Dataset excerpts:
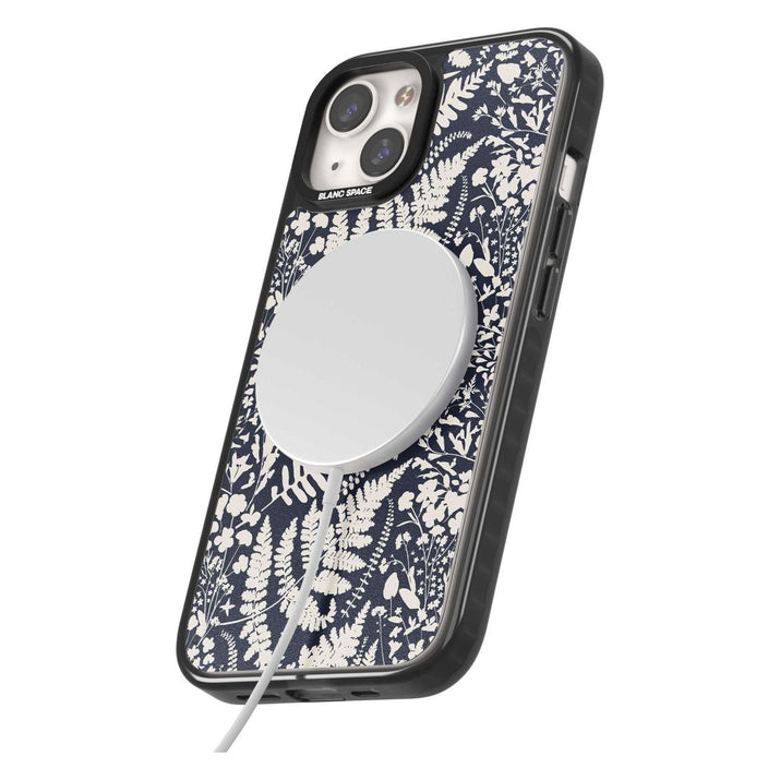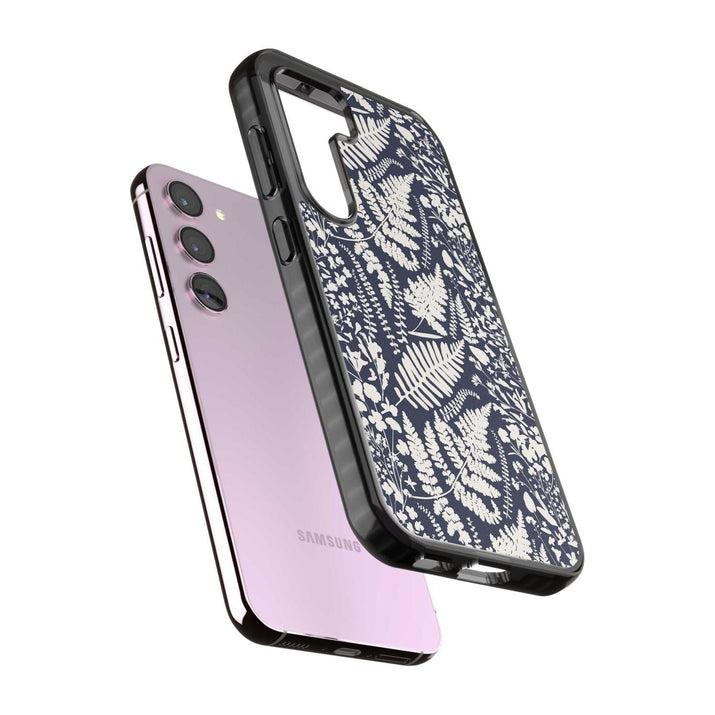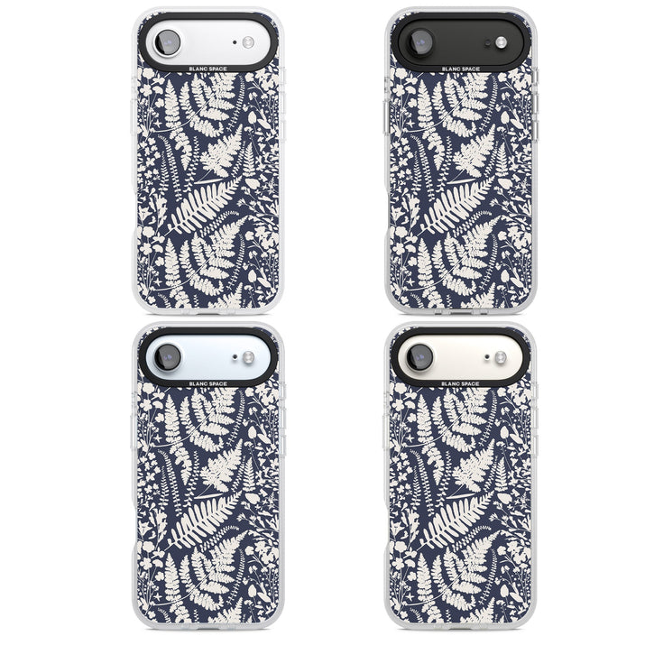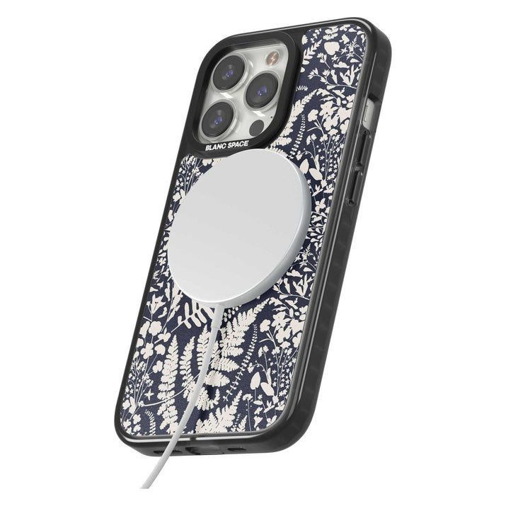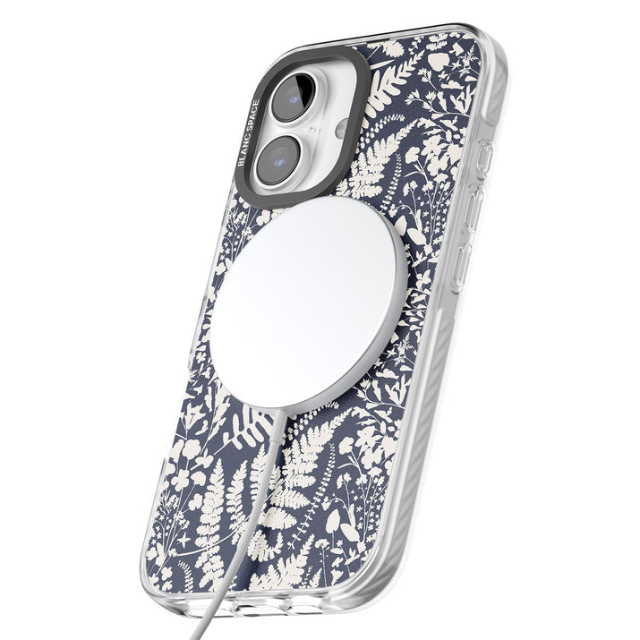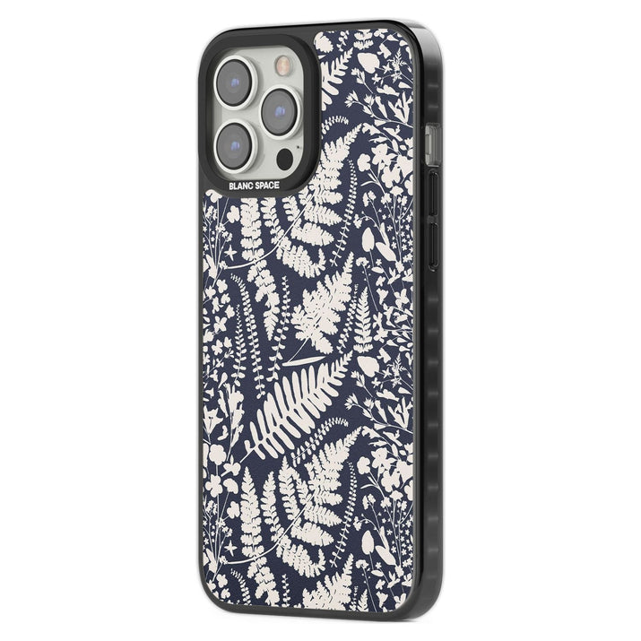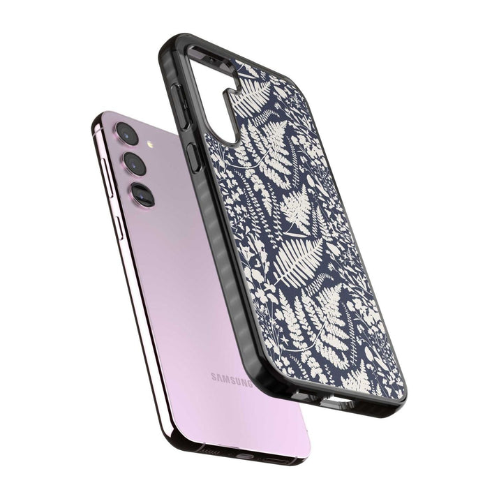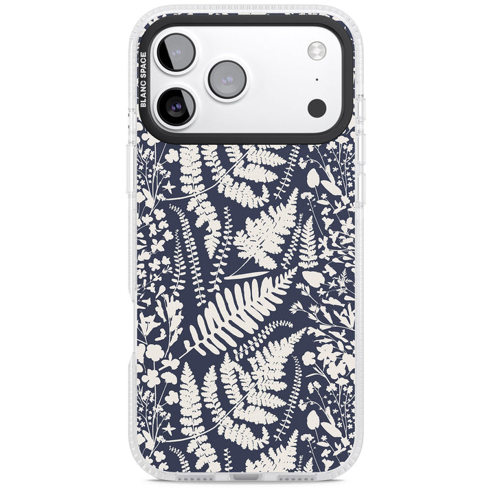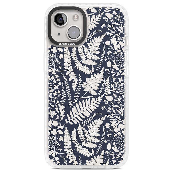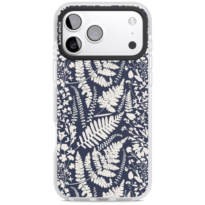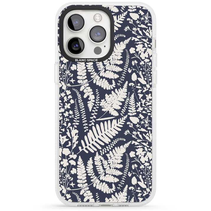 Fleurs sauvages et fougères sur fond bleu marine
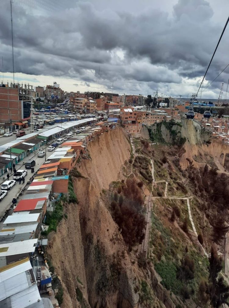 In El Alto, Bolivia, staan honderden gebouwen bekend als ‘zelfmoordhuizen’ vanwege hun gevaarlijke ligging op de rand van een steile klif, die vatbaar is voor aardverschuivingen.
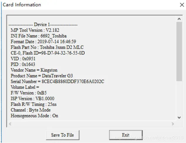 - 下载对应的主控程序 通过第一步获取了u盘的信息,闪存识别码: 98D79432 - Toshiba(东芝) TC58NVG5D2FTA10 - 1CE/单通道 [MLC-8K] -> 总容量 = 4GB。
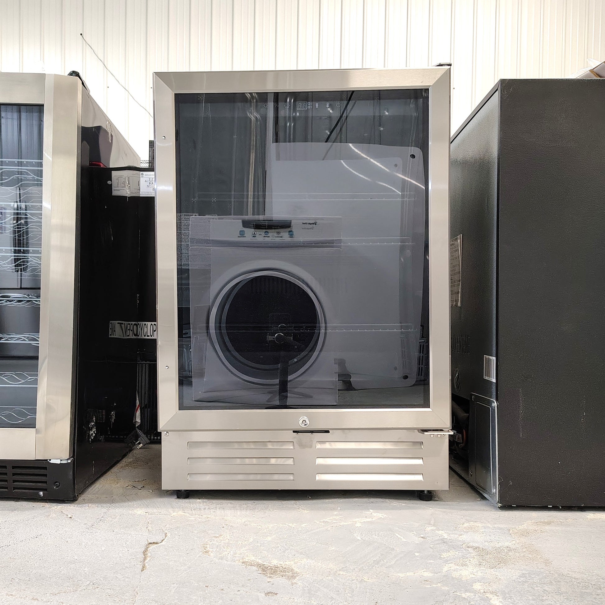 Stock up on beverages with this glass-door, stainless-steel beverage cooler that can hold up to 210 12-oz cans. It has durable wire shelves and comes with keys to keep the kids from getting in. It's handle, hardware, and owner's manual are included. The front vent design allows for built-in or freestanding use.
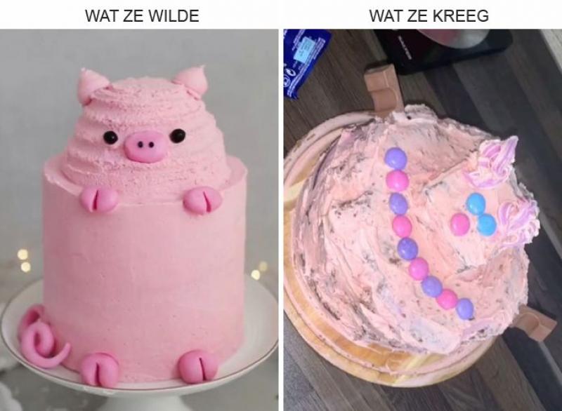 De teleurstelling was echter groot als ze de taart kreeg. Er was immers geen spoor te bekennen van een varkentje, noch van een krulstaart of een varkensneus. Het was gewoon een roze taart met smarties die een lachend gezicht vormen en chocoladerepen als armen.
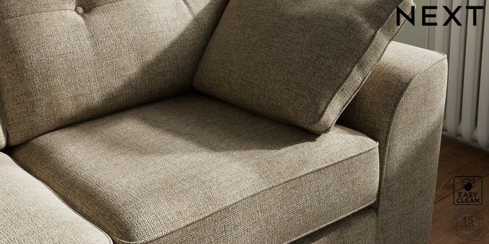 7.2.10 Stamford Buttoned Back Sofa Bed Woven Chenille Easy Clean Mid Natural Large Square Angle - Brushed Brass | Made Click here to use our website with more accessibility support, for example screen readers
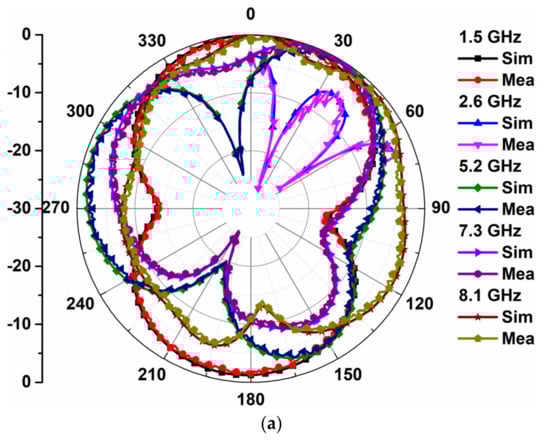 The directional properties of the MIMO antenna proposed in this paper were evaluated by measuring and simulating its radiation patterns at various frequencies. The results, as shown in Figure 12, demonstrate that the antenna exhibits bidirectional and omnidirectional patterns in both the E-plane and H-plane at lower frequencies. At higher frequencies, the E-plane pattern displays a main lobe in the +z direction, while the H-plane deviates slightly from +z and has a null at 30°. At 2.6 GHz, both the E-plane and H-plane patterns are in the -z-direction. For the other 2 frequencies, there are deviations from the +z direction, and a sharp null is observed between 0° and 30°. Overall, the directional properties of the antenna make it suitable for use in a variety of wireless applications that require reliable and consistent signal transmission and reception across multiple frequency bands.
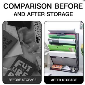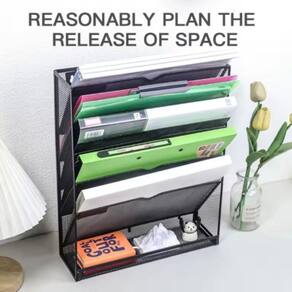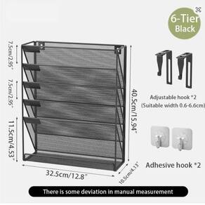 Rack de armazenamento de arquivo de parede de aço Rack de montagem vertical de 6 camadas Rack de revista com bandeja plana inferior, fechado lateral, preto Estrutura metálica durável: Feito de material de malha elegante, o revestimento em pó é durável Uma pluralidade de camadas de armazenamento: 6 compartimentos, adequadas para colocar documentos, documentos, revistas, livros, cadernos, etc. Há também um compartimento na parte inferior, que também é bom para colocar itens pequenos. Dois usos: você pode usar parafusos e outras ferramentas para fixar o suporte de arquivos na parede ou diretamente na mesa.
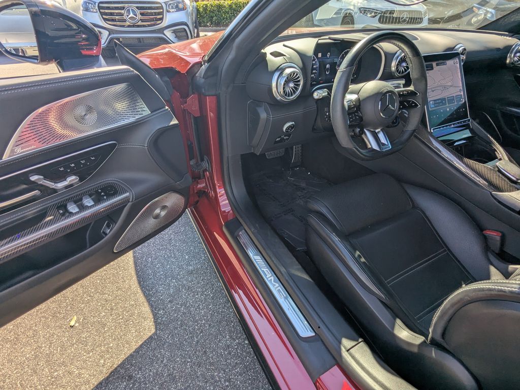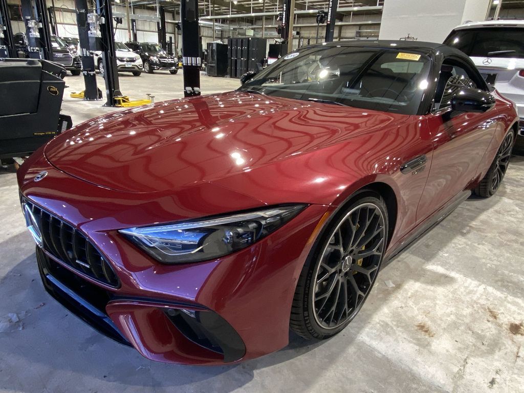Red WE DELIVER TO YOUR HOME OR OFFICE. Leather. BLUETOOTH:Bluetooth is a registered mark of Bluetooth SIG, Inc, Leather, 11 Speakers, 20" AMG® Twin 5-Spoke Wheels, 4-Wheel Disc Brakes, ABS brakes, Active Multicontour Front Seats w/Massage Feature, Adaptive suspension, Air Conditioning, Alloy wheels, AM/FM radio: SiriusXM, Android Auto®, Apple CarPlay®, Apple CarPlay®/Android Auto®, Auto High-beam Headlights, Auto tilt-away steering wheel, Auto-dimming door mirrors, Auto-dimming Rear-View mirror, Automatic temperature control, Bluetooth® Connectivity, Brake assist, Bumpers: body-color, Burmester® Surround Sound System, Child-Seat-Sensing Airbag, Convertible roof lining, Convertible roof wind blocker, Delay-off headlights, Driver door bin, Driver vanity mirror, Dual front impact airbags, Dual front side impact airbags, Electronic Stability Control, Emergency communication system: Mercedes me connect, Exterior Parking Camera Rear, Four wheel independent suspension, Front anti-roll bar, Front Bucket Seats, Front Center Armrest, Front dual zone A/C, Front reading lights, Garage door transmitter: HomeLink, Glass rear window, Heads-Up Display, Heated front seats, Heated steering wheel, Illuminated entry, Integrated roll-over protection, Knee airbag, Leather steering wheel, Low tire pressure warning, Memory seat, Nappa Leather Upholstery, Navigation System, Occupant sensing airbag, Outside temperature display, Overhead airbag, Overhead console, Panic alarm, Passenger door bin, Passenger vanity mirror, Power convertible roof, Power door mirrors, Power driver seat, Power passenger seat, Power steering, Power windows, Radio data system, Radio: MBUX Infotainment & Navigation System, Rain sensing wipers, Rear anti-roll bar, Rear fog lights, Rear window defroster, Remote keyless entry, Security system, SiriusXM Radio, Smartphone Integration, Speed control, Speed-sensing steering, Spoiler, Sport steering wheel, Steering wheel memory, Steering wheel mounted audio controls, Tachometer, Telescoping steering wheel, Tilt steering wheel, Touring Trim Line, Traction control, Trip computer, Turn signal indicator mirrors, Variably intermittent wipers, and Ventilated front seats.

_WORK ITEM_. Go through the data above and print exactly the lines from its first line through the line holding "7.2.10 Stamford Buttoned", both included, leaving pictures aside.

_ANSWER TO THE PROBLEM_.
 Fleurs sauvages et fougères sur fond bleu marine
 In El Alto, Bolivia, staan honderden gebouwen bekend als ‘zelfmoordhuizen’ vanwege hun gevaarlijke ligging op de rand van een steile klif, die vatbaar is voor aardverschuivingen.
 - 下载对应的主控程序 通过第一步获取了u盘的信息,闪存识别码: 98D79432 - Toshiba(东芝) TC58NVG5D2FTA10 - 1CE/单通道 [MLC-8K] -> 总容量 = 4GB。
 Stock up on beverages with this glass-door, stainless-steel beverage cooler that can hold up to 210 12-oz cans. It has durable wire shelves and comes with keys to keep the kids from getting in. It's handle, hardware, and owner's manual are included. The front vent design allows for built-in or freestanding use.
 De teleurstelling was echter groot als ze de taart kreeg. Er was immers geen spoor te bekennen van een varkentje, noch van een krulstaart of een varkensneus. Het was gewoon een roze taart met smarties die een lachend gezicht vormen en chocoladerepen als armen.
 7.2.10 Stamford Buttoned Back Sofa Bed Woven Chenille Easy Clean Mid Natural Large Square Angle - Brushed Brass | Made Click here to use our website with more accessibility support, for example screen readers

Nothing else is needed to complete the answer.